• _What you should do_:
Word for word, restate the entries below and exclude every image.

• _Dataset excerpts_:
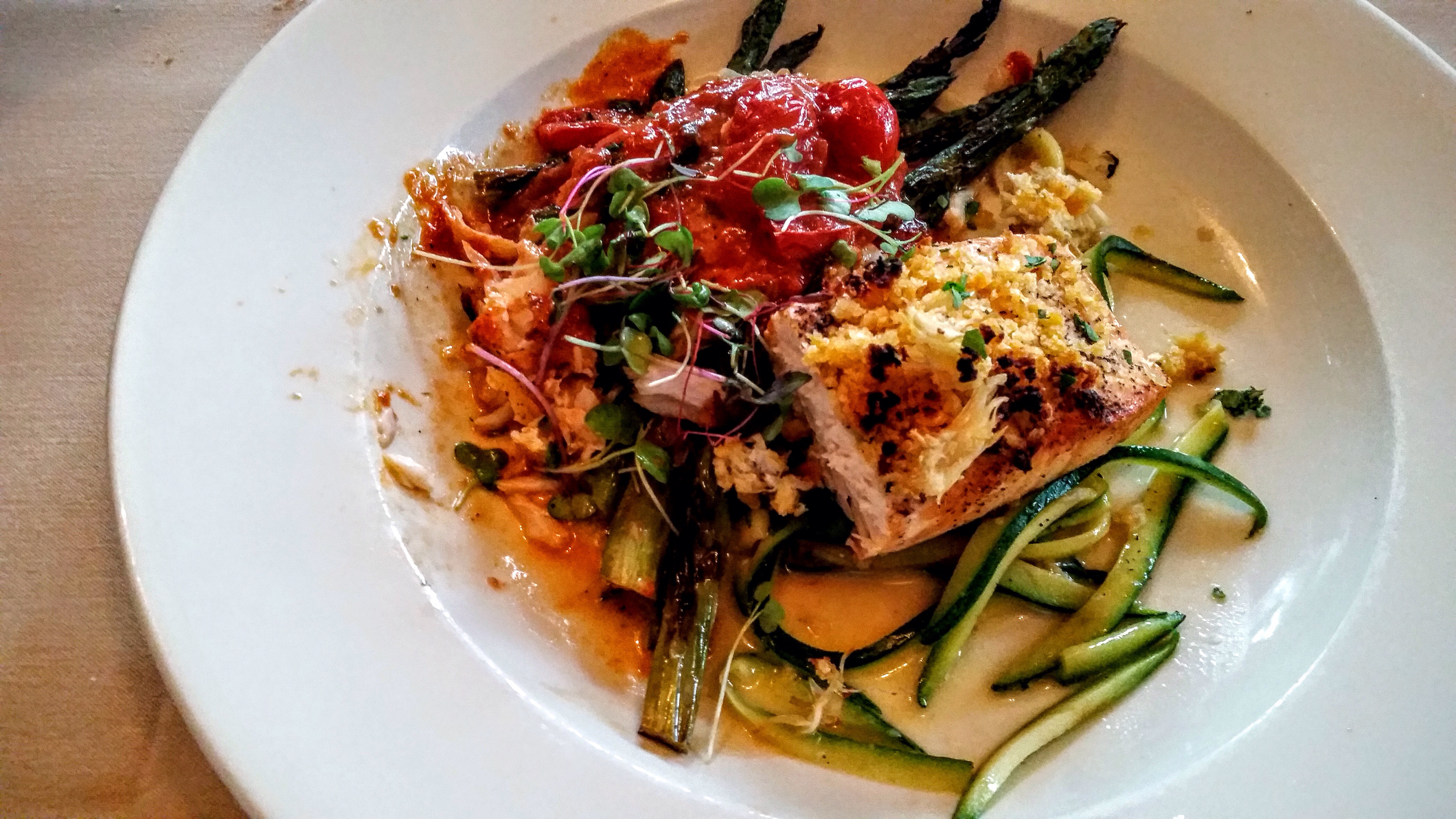 Special: Red snapper with tomato sauce and salmon on a bed of zucchini. Salmon was a little dry but red snapper was moist.
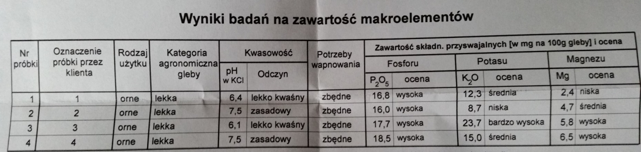 trzy pierwsze próbki to 15 letnia dzierżawa a ostatnia to własna dzierżawa wapnowana w 2012r 2.5t/ha wapno węglanowe magnezowe typ 03 (dolomit) i w 2014 1,5t/ha wapnem kujawit 05, a działka własna to będzie wapnowanie w 2010r 2.5t i w 2014 też 2.5t tym magnezowym
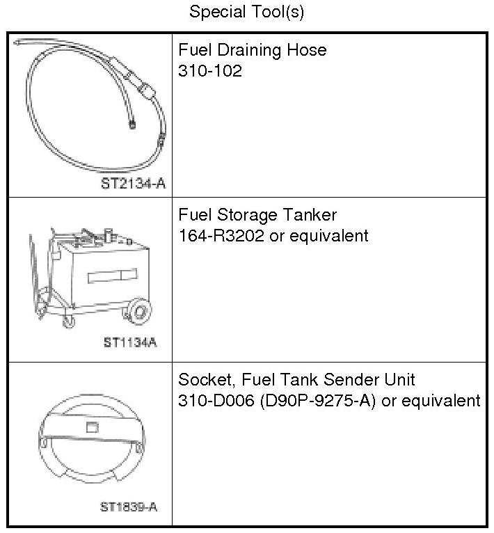 5. NOTE: This step will remove approximately one-eighth tank of fuel from a completely full fuel tank and the majority of any residual fuel from the fuel tank filler pipe. Also the fuel in the fuel tank will be below the Fuel Pump (FP) module mounting flange for FP module removal without fuel spillage.
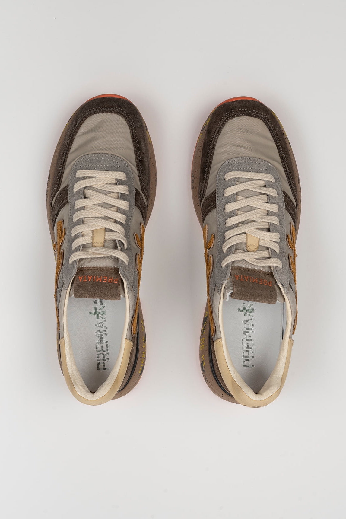 - Logo Premiata XL en lateral en amarillo mostaza.
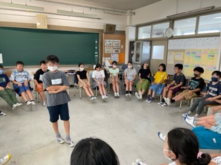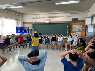 みんなは、リーダーの動きに合わせて真似して動きます。
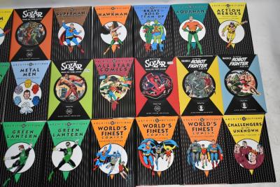 Lot 590 of 3033: DC ARCHIVE EDITIONS; a collection of forty seven volumes to include ADAM STRANGE, vols 1 and 2, JUSTICE LEAGUE, vols 1-8, THE FLASH, vols 1-5, DOOM PATROL, vols 1-4, SUPERGIRL, vols 1 and 2, CHALLENGES OF THE UNKNOWN, vols 1 and 2, LEGION OF SUPERHEROES, vols 1-5, WORLDS FINEST, vols 1-23, THE ATOM, vols 1 and 2, THE GREEN LANTERN, vols 1-6, METAL MEN, vol 1, with three DR SOLAR books and three ROBOT FIGHTER BOOKS.
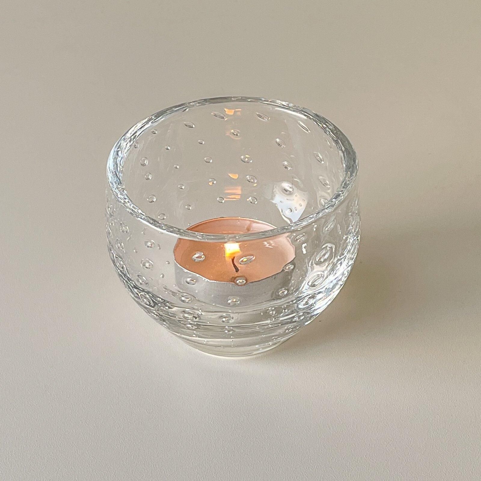 スウェーデン製のガラスのキャンドルホルダーです。ハンドメイドで作られた厚みのあるガラスに、気泡が縦に並んだデザインです。
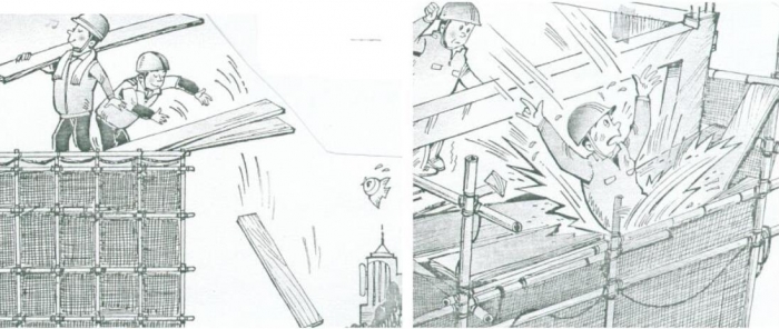 (二)交叉作業(yè):是指在施工現(xiàn)場空間上下不同層次(高度)同時進(jìn)行的高處作業(yè)。
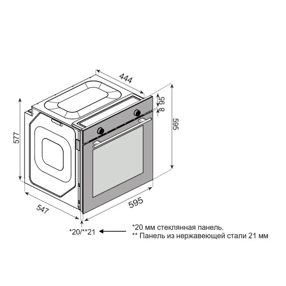 Съемная и полностью разборная дверца духовки.3-слойное стекло + усиленная теплоизоляция дверцы LOW-E. Панорамное внутреннее стекло
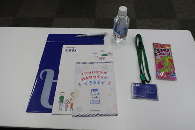 まずは午前中の様子です。初めにKMバイオロジクス株式会社様の企業説明と、インフルエンザワクチンができるまでの行程について説明をしていただきました。KMバイオロジクス株式会社様の社名にも入っている「M」は、「明治乳業株式会社」の頭文字に由来するそうで、明治グループの企業とのことでした。生徒達への配付物の中には、子どもに大人気のもぎもぎフルーツの姿が・・・!
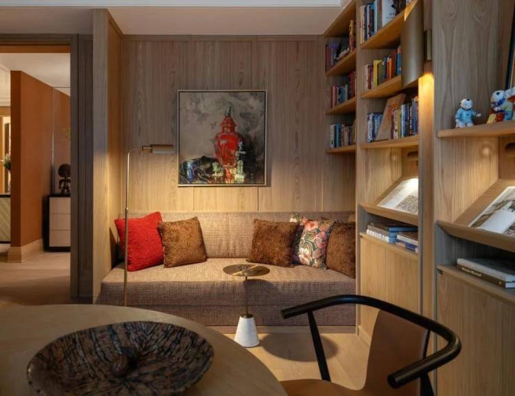 书房色调沉稳大气,精心设计的柔和灯光突显书香气韵,吸引人们长久驻足,于宁静的氛围中品味知识的力量。

• _Answer space_:
 Special: Red snapper with tomato sauce and salmon on a bed of zucchini. Salmon was a little dry but red snapper was moist.
 trzy pierwsze próbki to 15 letnia dzierżawa a ostatnia to własna dzierżawa wapnowana w 2012r 2.5t/ha wapno węglanowe magnezowe typ 03 (dolomit) i w 2014 1,5t/ha wapnem kujawit 05, a działka własna to będzie wapnowanie w 2010r 2.5t i w 2014 też 2.5t tym magnezowym
 5. NOTE: This step will remove approximately one-eighth tank of fuel from a completely full fuel tank and the majority of any residual fuel from the fuel tank filler pipe. Also the fuel in the fuel tank will be below the Fuel Pump (FP) module mounting flange for FP module removal without fuel spillage.
 - Logo Premiata XL en lateral en amarillo mostaza.
 みんなは、リーダーの動きに合わせて真似して動きます。
 Lot 590 of 3033: DC ARCHIVE EDITIONS; a collection of forty seven volumes to include ADAM STRANGE, vols 1 and 2, JUSTICE LEAGUE, vols 1-8, THE FLASH, vols 1-5, DOOM PATROL, vols 1-4, SUPERGIRL, vols 1 and 2, CHALLENGES OF THE UNKNOWN, vols 1 and 2, LEGION OF SUPERHEROES, vols 1-5, WORLDS FINEST, vols 1-23, THE ATOM, vols 1 and 2, THE GREEN LANTERN, vols 1-6, METAL MEN, vol 1, with three DR SOLAR books and three ROBOT FIGHTER BOOKS.
 スウェーデン製のガラスのキャンドルホルダーです。ハンドメイドで作られた厚みのあるガラスに、気泡が縦に並んだデザインです。
 (二)交叉作業(yè):是指在施工現(xiàn)場空間上下不同層次(高度)同時進(jìn)行的高處作業(yè)。
 Съемная и полностью разборная дверца духовки.3-слойное стекло + усиленная теплоизоляция дверцы LOW-E. Панорамное внутреннее стекло
 まずは午前中の様子です。初めにKMバイオロジクス株式会社様の企業説明と、インフルエンザワクチンができるまでの行程について説明をしていただきました。KMバイオロジクス株式会社様の社名にも入っている「M」は、「明治乳業株式会社」の頭文字に由来するそうで、明治グループの企業とのことでした。生徒達への配付物の中には、子どもに大人気のもぎもぎフルーツの姿が・・・!
 书房色调沉稳大气,精心设计的柔和灯光突显书香气韵,吸引人们长久驻足,于宁静的氛围中品味知识的力量。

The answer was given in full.